## Material provided
▽
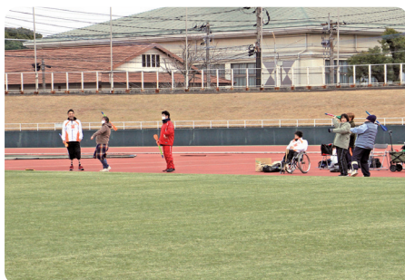
ジャベリックスロー
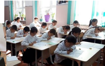
Academic Achievement Tests
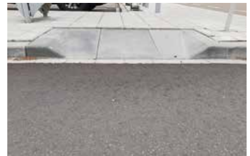
▲ Zo hoort het.

Als we zien hoe de stoepranden her en der werden aangepast voor voetgangers en mindervalide weggebruikers, dan is het duidelijk dat er geen interesse is voor dit probleem of dat er geen geld is om dat volwaardig aan te passen. Op de foto's hierboven ziet u zelf hoe de gemeente Moerbeke dat aanpakt en hoe het beter kan.
△
Your task is to return the lines above, from the first one up to and including the line containing "Zo hoort het.", minus any pictures.

## Result of this task
ジャベリックスロー
Academic Achievement Tests
▲ Zo hoort het.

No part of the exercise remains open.